== Segment start ==

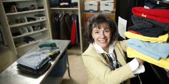 Twice a week, during her lunch breaks, Buchanan tends to the closet — sweeping, dusting and organizing donations, which are not tax-deductible.
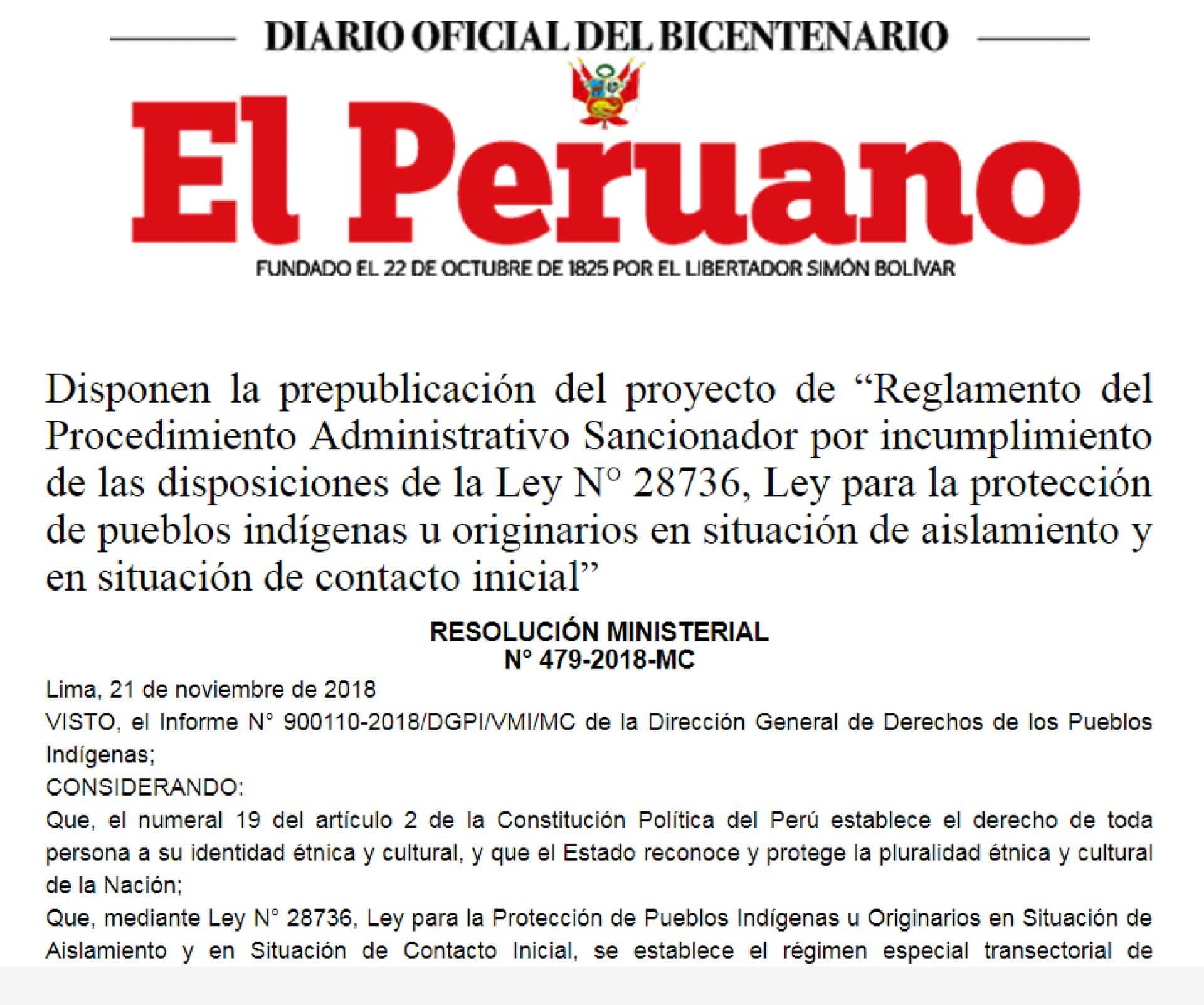 MINCUL pone a consulta pública proyecto de “Reglamento Sancionador” por incumplimiento de la Ley 28736, sobre los PIACI
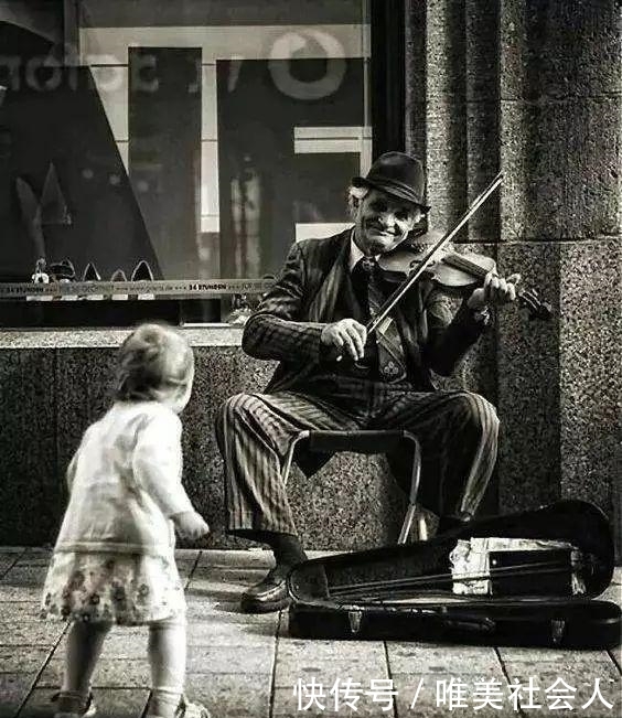 11,流浪街头,爷爷拉着小提琴,路过的孩子跟着音乐,开心地跳舞
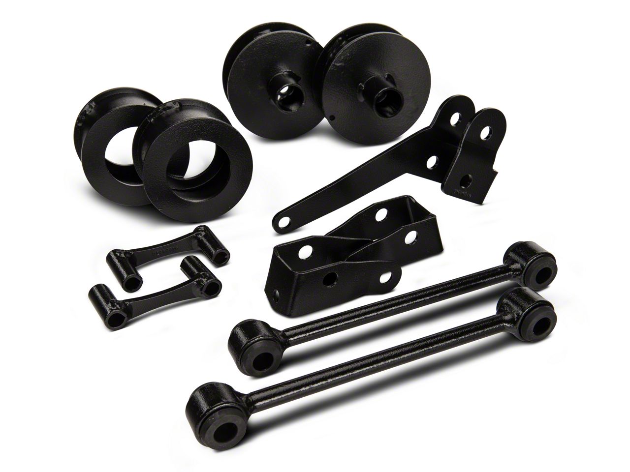 Kit Includes. The Rough Country 2.5-inch Series II Suspension Lift Kit comprises front and rear coil spring spacers, brake line brackets and shock relocation brackets. It also includes track bar bracket and sway bar links.
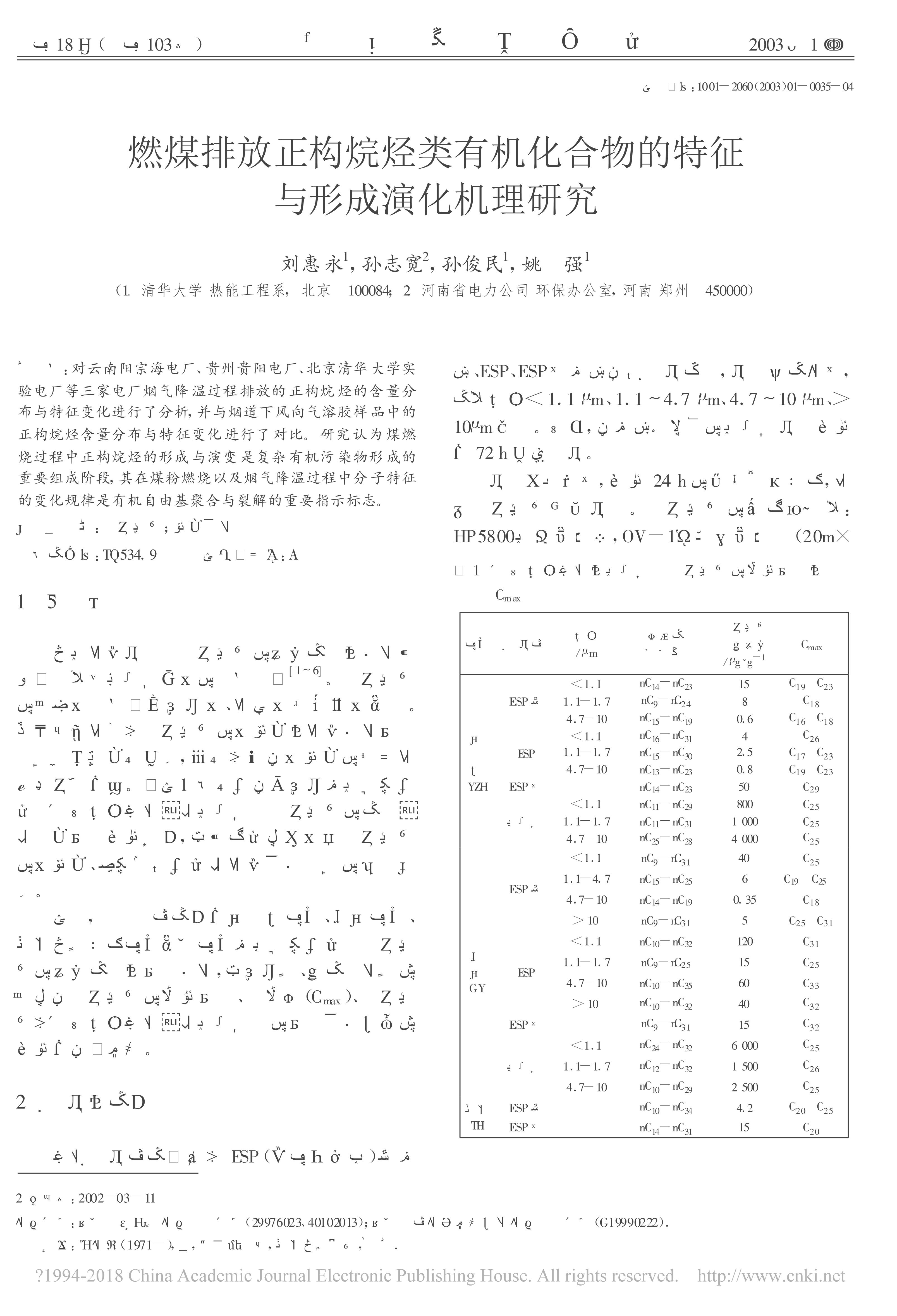 .燃煤排放正构烷烃类有机化合物的特征与形成演化机理研究[J].热能动力工程,2003,(1):
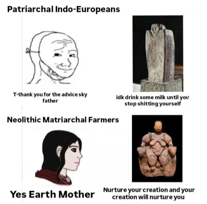 Everybody’s matriarchal until the chariot gang rolls into town praising Dyēus Ph₂tḗr and drinking milk.
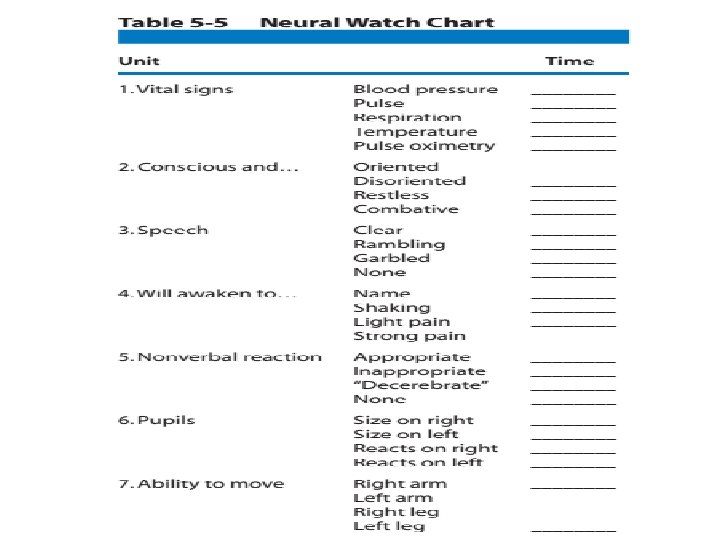 DAY-OF-INJURY REFERRAL 1. Loss of consciousness on the field 2. Amnesia lasting longer than 15 minutes 3. Deterioration of neurological function* 4. Decreasing level of consciousness* 5. Decrease or irregularity in respirations* 6. Decrease or irregularity in pulse* 7. Increase in blood pressure 8. Unequal, dilated, or unreative pupils* 9. Cranial-nerve deficits 10. Any signs or symptoms of associated injuries, spine or skull fracture, or bleeding*
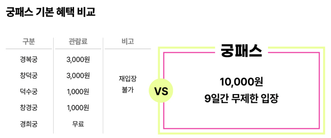 가격정보 할인: 궁패스 50%할인(장애인, 국가유공자) 5,000원
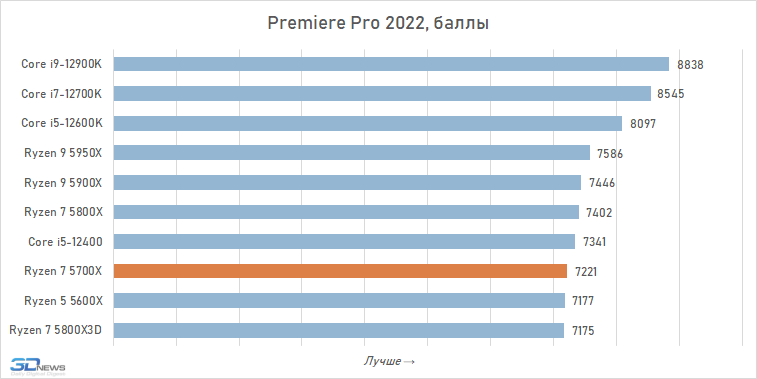 - Adobe Premiere Pro 2022 22.4.0 – Teste de desempenho de edição de vídeo. É medida a velocidade de execução do script de teste Procyon Video Editing, que simula a preparação para publicação no YouTube de um vídeo composto por fragmentos 4K filmados em uma câmera GoPro.
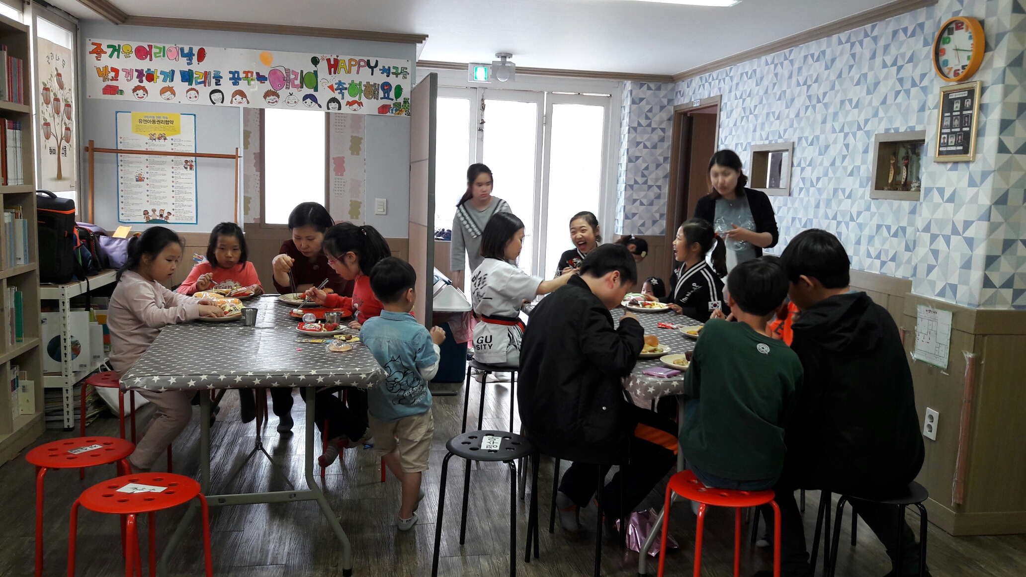 5월 어린이날을 맞아 어린이날 행사를 센터내에서 주최하였다. 아이들이 맛있는 음식과 갖고싶은 선물을 받아서 모두들 즐거워했다^^
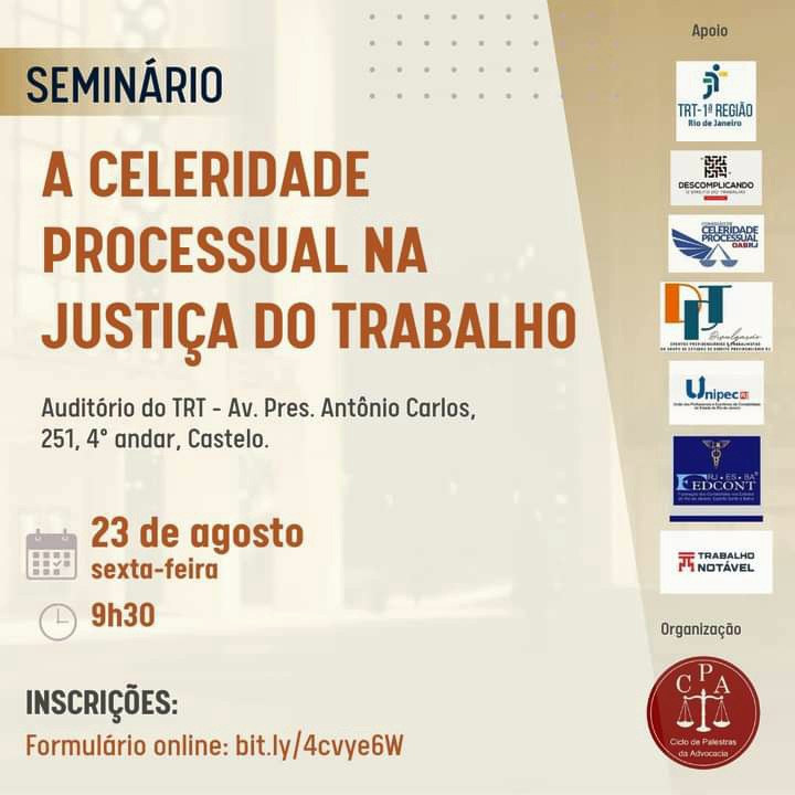Também vão participar do evento presencial, o vice-presidente do TRT/ RJ, desembargador Roque Dattoli, a vice-corregedora, desembargadora Maria Aparecida Coutinho Magalhães, e o advogado Ricardo Menezes, diretor de Apoio às subseções, entre outros.

== Segment end ==

TASK STATEMENT: Output exactly those lines of the data above that run from the line with "Everybody’s matriarchal until" up to and including the line with "5월 어린이날을 맞아". No pictures go in.

EXERCISE OUTPUT:
 Everybody’s matriarchal until the chariot gang rolls into town praising Dyēus Ph₂tḗr and drinking milk.
 DAY-OF-INJURY REFERRAL 1. Loss of consciousness on the field 2. Amnesia lasting longer than 15 minutes 3. Deterioration of neurological function* 4. Decreasing level of consciousness* 5. Decrease or irregularity in respirations* 6. Decrease or irregularity in pulse* 7. Increase in blood pressure 8. Unequal, dilated, or unreative pupils* 9. Cranial-nerve deficits 10. Any signs or symptoms of associated injuries, spine or skull fracture, or bleeding*
 가격정보 할인: 궁패스 50%할인(장애인, 국가유공자) 5,000원
 - Adobe Premiere Pro 2022 22.4.0 – Teste de desempenho de edição de vídeo. É medida a velocidade de execução do script de teste Procyon Video Editing, que simula a preparação para publicação no YouTube de um vídeo composto por fragmentos 4K filmados em uma câmera GoPro.
 5월 어린이날을 맞아 어린이날 행사를 센터내에서 주최하였다. 아이들이 맛있는 음식과 갖고싶은 선물을 받아서 모두들 즐거워했다^^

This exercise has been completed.